The 62nd IMCL Conference will study the many important lessons of this stunning renaissance - including the genetic intelligence of revival architectures


ABOVE: The transition in Potsdam from a grim "modern" urbanism to the more humanist landscape of prewar Germany, as shown in a remarkable video by The Aesthetic City (click to view). New research shows that the older city in fact demonstrates a more "modern" scientific understanding of the best human environments and their characteristic geometries.


POTSDAM, GERMANY - From October 15th through 19th this year, the 40th Anniversary International Making Cities Livable (IMCL) conference will be held in this beautiful city, with an exceptionally rich history of urban and architectural patterns. The locale also offers a case study in the new scientific understanding of the power of evolutionary refinement, and the "collective intelligence" embodied in the best human environments.


The IMCL conferences are always focused on finding the best solutions to meet our urban challenges, from whatever source and whatever period. We do that by gathering to share knowledge at instructive and inspiring locales. Some of the best solutions will often be fresh and innovative -- but many of the best ones will have evolved through careful refinement over decades and centuries, arising from the complex workings of human collective intelligence. These solutions often take the form of rich and useful patterns, expressed in the most successful, well-loved and enduring places today.
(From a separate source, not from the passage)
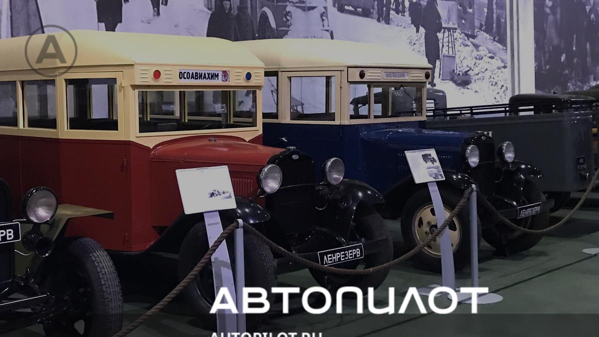 Экспозиция начинается с советских автомобилей 30-х и 40-х годов. На снимке — довоенные автобусы ГАЗ-03-30. Красный сделан как автобус «Осоавиахима» — Общества содействия обороне, авиационному и химическому строительству, а синий — милицейский
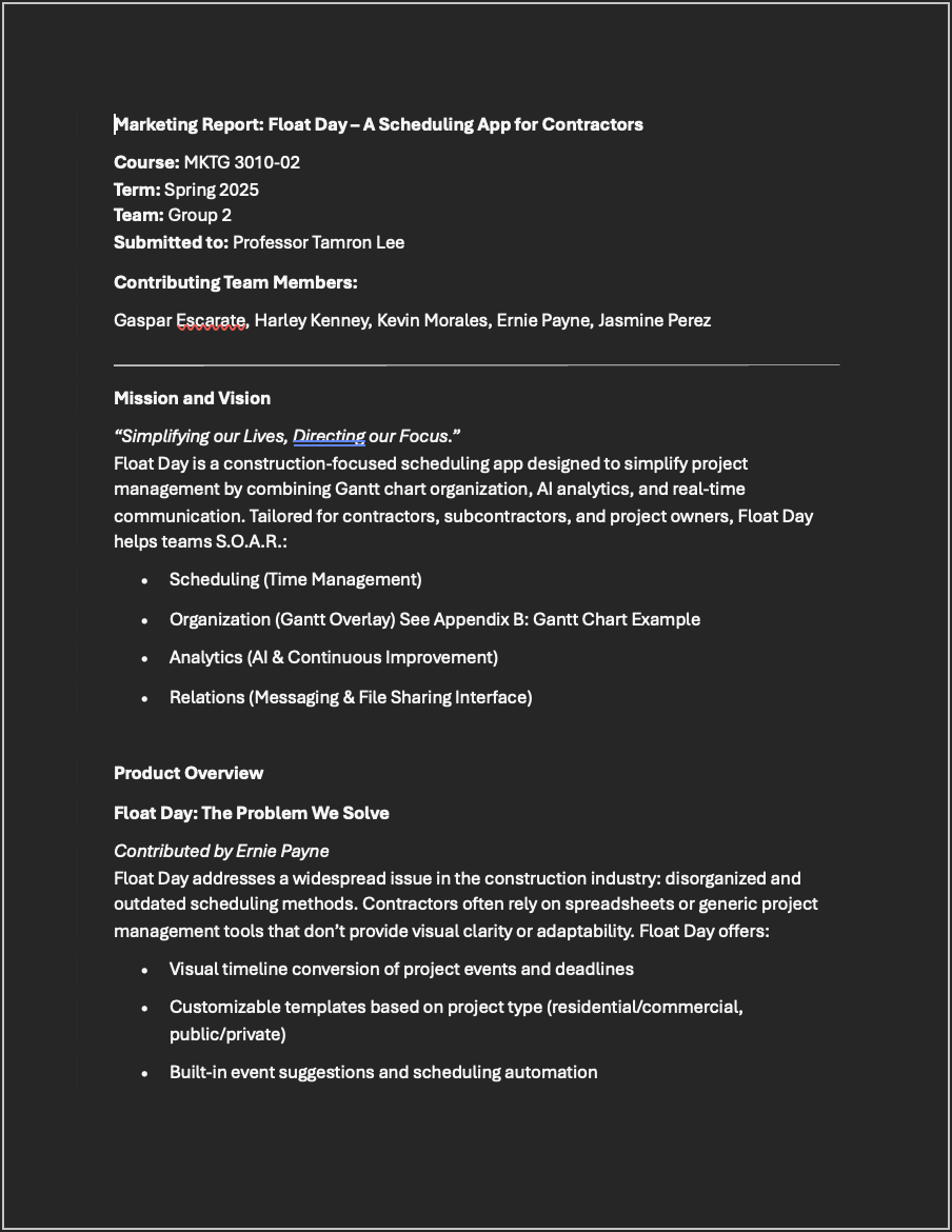 Float Day is a concept scheduling app created in a marketing course at Utah Tech. Designed for contractors, it features Gantt charts and planning tools to improve project organization. The project focused on market research, strategy, and collaboration, helping me develop skills in competitive analysis and product development.

But there is a peculiar idea circulating nowadays, one that is still dominant in too many circles -- that such patterns are no longer relevant, that they are laden with too much of the political baggage of the past, or they are simply not "authentic" to a "modern" era.


Let us call this idea what it is. It is idiocy. And it is disproven by a growing body of evidence.


New findings in the sciences demonstrate clearly that human environments, like other structures in the Universe, typically evolve, differentiate and refine over time. Through their structural evolution, and the actions of the distributed agents who serve as human contributors, these places grow more rich and more beautiful, and they expand their capacity to improve the well-being and health of people and place. They are not less sophisticated than most novel solutions: indeed, they are often more so.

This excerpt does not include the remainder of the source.